Search returned AAA results in BBB ms, inspected CCC metadatas in DDD classes (EEE matched) and performed FFF comparisons

A. Hébert

unread,
May 15, 2020, 11:35:21 AM5/15/20
to Warp 10 users
I can't really provides those lines with certainty... We are using HA sharded directories. I could find an example of what may like a slow query:
Search returned 14 results in 25218.834073 ms, inspected 435067 metadatas in 1 classes (1 matched) and performed 1306154 comparisons.

For information in all the sharded directory logs, I didn't found a log with 14 results [ ... ] in 14 classes or with 14 matched neither.

Mathias Herberts

unread,
May 18, 2020, 2:56:07 AM5/18/20
to Warp 10 users
1.3M comparisons on 435k metadata usually does not take 25s, this is a typical log in one of our own systems:

Search returned 27 results in 183.488054 ms, inspected 182304 metadatas in 1 classes (1 matched) and performed 546912 comparisons


what is the load average on your Directory? What is the time a /find request actually takes (the path is slightly different so result may give some additional infos).

A. Hébert

unread,
May 18, 2020, 3:26:54 AM5/18/20
to Warp 10 users

A. Hébert

unread,
May 18, 2020, 3:42:50 AM5/18/20
to Warp 10 users
We do have fast queries on our indexes too (on average our find queries took 150 to 200ms). Our directories are not too overloaded (between 40 and 60 % of cpu load). In our use-cases we do have specific slow queries on high class names cardinalities. For instance if 20/30 accounts pushed the same class more than 1 millions times (ex: my.cpu, my.mem, ...). Then even a new account pushing this specific series is impacted by slow index queries too.

I was more searching for the root cause of this behaviour / an hint on how to improve those data retrieval.

For information with the /find request it took the same time (real: 1m13.770s)

Mathias Herberts

unread,
May 18, 2020, 8:47:22 AM5/18/20
to Warp 10 users
You can try fetching directly from one of your Directory using the class at https://gist.github.com/hbs/30bf6921b5145e0474adae3273027ef3

It is called like this:

java -cp warp10/build/libs/warp10-x.y.z.jar:. DirectoryStreamClient "{ 'urls' [ 'http://HOST:PORT/directory-streaming' ] 'psk' 'HEX ENCODED PRESHARED KEY' 'class' [ 'CLASS_SELECTOR' ] 'labels' [ { /* LABEL SELECTOR */ } ] }"

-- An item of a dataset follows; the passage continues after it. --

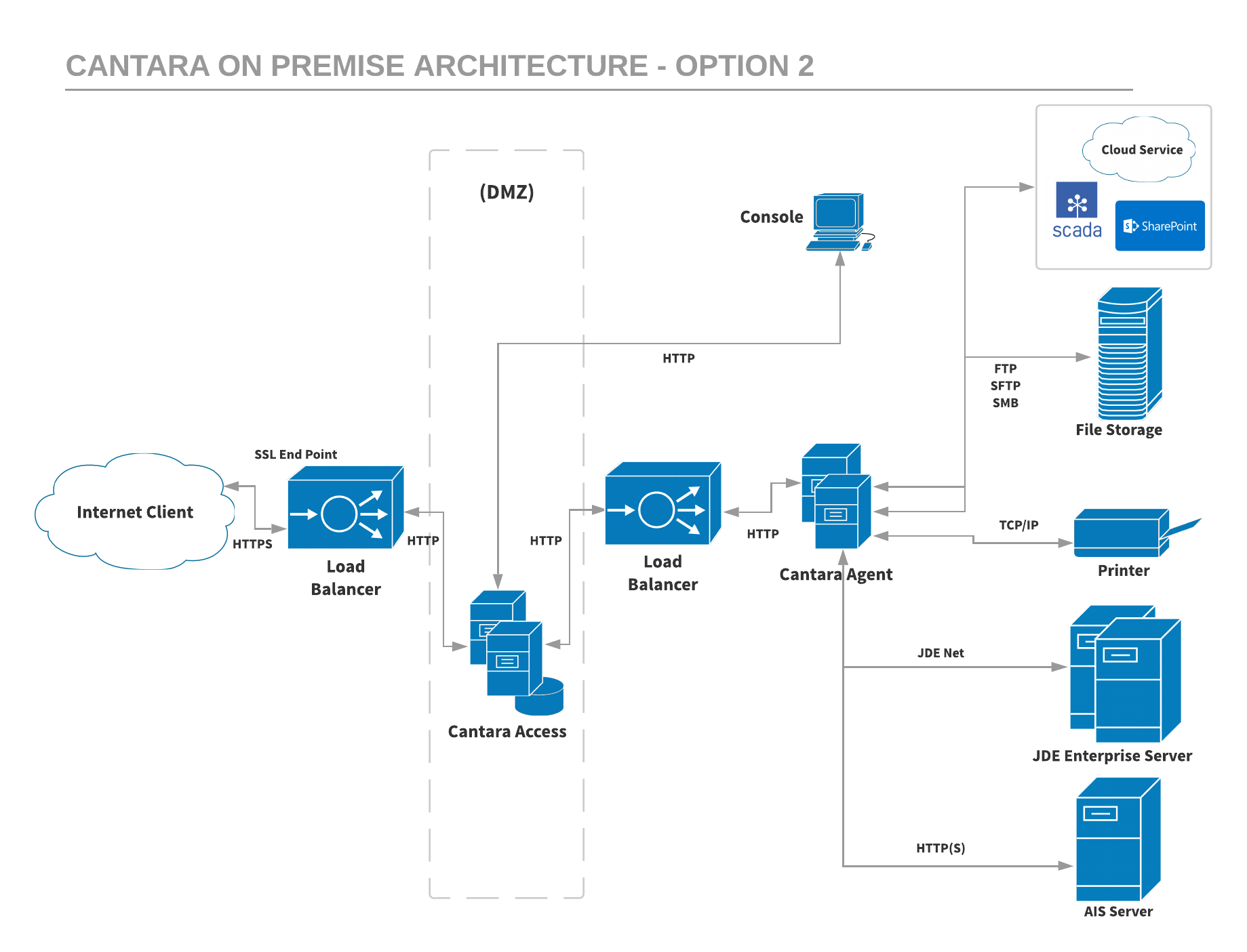 You can choose to deploy the Cantara Agent for an on-premise installation of the Cantara Integration Platform. This allows the access instances to be moved to the DMZ for added external intrusion protection.

It will output the list of fetched GTS (their Metadata) and the time taken for the request in ns.


This should help you determine if the Directory instance itself is the bottleneck of something else down the line.

A. Hébert

unread,
May 29, 2020, 10:34:56 AM5/29/20
to Warp 10 users

I run this test and I have the following result:

- Retrieving 1 series takes 6269551620 ns (6 s)
- Retrieving all 14 series takes 197156864266 ns (3m 17s), I had to use a regular expression as I couldn't specified several classes (may be that's why it's a bit slower that previous find queries).

However I didn't get 1 or 14 series as result but 3 and 42.

This test leads me to think that the bottleneck is related to the directory component or at least our directories architecture. In production we have:
- 6 directories
- 3 replicas
- 2 shards per replica

- Between 210 and 230 millions of series per directory

Mathias Herberts

unread,
May 29, 2020, 1:37:40 PM5/29/20
to Warp 10 users
You can specify several selectors, 'class' and 'labels' are lists, see definition of DirectoryRequest thrift structure.

Can you share the number of comparisons which were performed for each request?

A. Hébert

unread,
Jun 2, 2020, 5:13:54 AM6/2/20
to Warp 10 users
How can I get such an informations? I would say that at least 3 applications have more than 1 millions occurrences of those specifics classes.

Mathias Herberts

unread,
Jun 6, 2020, 8:17:20 AM6/6/20
to Warp 10 users
The log output should appear in the directory logs.

Having an idea of the number of comparisons and the actual time spent should guide you towards a possible explanation of the slowness you experience, either lack of resources or actual huge number of comparisons.

A. Hébert

unread,
Jun 8, 2020, 8:07:51 AM6/8/20
to Warp 10 users
As we do not experience directories latencies (avg answer time is 200ms), I would say it's related to the number of comparisons. Our directories are too chatty (around 500 requests per seconds per directory) to find the specific related query output in it's logs.

Mathias Herberts

unread,
Jun 9, 2020, 5:10:48 PM6/9/20
to Warp 10 users
The log extract you gave a few weeks ago does not support the assumption that the culprit is the number of comparisons, if it is still 1.3M then they should not take 300s.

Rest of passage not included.